= 1939–40 Yugoslav Ice Hockey League season =

1939–1940 season of the Yugoslav Ice Hockey League

The 1939–40 Yugoslav Ice Hockey League season was the fourth season of the Yugoslav Ice Hockey League, the top level of ice hockey in Yugoslavia.
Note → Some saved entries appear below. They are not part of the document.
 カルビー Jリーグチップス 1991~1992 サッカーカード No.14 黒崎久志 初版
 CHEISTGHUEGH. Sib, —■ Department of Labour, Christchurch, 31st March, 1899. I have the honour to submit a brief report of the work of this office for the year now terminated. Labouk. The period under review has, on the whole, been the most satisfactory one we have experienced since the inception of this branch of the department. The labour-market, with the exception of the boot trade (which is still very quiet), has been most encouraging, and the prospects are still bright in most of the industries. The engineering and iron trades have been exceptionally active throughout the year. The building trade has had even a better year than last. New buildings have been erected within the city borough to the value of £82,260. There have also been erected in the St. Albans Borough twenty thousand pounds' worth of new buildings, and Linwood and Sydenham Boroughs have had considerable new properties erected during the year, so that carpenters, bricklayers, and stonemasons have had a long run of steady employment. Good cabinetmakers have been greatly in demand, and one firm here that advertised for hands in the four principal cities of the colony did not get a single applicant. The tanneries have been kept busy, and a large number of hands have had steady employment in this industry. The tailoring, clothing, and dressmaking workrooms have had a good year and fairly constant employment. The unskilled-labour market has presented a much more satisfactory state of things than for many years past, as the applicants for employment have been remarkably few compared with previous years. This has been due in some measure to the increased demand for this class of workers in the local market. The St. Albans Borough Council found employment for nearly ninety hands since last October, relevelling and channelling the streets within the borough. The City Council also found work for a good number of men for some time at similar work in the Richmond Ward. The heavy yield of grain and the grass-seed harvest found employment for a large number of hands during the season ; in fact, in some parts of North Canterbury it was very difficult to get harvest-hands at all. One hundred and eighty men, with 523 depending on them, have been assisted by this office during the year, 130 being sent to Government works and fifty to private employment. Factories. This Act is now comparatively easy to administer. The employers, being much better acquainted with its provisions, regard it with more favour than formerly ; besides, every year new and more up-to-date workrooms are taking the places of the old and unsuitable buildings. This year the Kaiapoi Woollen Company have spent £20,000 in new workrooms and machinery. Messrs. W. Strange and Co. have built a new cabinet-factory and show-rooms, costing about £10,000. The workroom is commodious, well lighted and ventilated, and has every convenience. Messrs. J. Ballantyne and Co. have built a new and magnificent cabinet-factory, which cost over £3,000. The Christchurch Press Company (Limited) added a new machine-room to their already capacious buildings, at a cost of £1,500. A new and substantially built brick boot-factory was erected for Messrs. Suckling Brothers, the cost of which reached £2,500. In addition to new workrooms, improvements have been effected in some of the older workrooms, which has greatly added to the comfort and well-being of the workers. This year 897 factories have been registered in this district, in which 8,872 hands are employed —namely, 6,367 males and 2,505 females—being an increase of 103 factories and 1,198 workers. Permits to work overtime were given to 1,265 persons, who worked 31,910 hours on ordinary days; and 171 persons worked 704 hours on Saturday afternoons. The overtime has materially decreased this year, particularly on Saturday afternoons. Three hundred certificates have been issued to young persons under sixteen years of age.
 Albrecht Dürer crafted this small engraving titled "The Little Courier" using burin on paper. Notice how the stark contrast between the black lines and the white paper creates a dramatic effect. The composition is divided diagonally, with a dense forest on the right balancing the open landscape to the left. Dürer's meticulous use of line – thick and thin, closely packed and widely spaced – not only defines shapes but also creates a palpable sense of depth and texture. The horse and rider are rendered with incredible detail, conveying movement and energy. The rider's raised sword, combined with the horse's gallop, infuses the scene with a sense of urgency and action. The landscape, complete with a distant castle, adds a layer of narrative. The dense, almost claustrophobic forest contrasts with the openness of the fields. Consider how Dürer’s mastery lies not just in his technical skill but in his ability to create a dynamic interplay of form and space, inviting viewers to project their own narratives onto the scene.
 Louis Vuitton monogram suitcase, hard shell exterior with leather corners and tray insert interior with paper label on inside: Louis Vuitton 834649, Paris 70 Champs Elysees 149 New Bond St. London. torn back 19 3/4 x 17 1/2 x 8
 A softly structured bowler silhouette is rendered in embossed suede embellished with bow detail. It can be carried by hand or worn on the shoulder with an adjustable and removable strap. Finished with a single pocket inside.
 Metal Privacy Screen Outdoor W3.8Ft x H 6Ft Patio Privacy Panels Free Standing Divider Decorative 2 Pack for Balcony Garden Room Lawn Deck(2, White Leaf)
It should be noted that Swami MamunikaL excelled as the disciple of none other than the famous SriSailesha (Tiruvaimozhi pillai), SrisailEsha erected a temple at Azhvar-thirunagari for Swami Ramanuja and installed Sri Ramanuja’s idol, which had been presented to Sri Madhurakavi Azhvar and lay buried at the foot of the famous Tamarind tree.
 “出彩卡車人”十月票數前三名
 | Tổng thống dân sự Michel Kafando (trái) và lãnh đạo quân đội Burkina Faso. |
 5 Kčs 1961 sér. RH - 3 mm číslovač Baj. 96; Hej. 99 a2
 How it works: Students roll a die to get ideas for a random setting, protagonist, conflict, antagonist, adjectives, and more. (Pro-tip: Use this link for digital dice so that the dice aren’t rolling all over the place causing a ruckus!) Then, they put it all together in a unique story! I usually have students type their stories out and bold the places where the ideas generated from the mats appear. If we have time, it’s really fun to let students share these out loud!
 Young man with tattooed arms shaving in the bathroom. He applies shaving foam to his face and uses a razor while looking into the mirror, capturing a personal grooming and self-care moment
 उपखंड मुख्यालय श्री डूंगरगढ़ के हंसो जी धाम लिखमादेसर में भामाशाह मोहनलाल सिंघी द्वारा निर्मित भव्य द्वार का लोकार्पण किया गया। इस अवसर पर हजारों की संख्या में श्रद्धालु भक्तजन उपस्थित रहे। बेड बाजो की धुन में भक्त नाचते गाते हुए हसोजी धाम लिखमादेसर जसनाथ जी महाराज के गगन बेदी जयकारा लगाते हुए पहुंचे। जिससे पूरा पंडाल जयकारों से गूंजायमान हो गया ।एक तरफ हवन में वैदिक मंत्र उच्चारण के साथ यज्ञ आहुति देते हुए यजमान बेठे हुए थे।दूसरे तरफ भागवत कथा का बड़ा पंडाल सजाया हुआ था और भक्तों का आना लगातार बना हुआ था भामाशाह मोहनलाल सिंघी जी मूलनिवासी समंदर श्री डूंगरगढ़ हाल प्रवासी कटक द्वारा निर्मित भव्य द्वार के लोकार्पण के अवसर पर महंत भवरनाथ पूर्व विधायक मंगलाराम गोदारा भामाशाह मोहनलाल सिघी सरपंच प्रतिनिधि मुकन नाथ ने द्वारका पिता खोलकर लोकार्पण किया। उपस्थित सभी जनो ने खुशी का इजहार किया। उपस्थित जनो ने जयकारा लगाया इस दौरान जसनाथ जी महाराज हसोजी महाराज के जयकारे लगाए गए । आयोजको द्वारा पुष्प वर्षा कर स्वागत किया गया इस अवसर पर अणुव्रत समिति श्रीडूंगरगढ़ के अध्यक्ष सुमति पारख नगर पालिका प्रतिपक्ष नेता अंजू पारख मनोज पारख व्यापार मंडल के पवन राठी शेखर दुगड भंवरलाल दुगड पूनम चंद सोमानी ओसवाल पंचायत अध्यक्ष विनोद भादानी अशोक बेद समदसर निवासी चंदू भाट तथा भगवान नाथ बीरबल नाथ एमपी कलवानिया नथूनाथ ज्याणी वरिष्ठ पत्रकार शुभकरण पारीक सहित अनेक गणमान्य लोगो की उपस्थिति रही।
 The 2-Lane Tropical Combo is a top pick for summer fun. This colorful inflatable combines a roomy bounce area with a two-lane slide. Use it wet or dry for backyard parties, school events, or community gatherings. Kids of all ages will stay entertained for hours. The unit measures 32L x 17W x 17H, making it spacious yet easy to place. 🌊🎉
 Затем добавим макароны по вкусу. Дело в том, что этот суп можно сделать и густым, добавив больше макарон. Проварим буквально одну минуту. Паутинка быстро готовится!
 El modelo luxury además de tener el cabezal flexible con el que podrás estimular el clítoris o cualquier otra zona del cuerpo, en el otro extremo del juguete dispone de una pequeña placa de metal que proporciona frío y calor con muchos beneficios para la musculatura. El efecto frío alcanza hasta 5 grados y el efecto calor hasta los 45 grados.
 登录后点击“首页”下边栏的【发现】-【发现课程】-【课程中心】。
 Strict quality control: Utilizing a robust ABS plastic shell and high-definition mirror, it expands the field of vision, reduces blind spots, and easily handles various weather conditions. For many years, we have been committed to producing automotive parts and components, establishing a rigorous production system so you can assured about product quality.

Four teams participated in the league, and Ilirija won the championship.

==Teams==
- Ilirija
- ZKD Zagreb
- Marathon Zagreb
- HAŠK Zagreb

==Qualification==
- 6.1. Palić – VŠD ?:?
- 7.1. Marathon Zagreb – Palić 8:3

==Tournament==

===Semifinals===
- 13.1.1940 Ilirija – Marathon Zagreb 4–1 (0–0, 3–0, 1–1)
- 13.1.1940 ZKD Zagreb – HAŠK Zagreb 4–2 (1–0, 0–1, 3–1)

===3rd place===
- 14.1.1940 Marathon Zagreb – HAŠK Zagreb 5–4 (0–1, 2–2, 3–1)

===Final===
- 14.1.1940 Ilirija Ljubljana – ZKD Zagreb 5–0 (3–0, 1–0, 1–0)

==Final ranking==
1. Ilirija
2. ZKD Zagreb
3. Marathon Zagreb
4. HAŠK Zagreb

==Champions==
Ice Rihar, Luce Žitnik, Jule Kačič, Kroupa, Oto Gregorčič, Jože Gogala, Mirko Eržen, Karel Pavletič, Ernest Aljančič, Viljem Morbacher.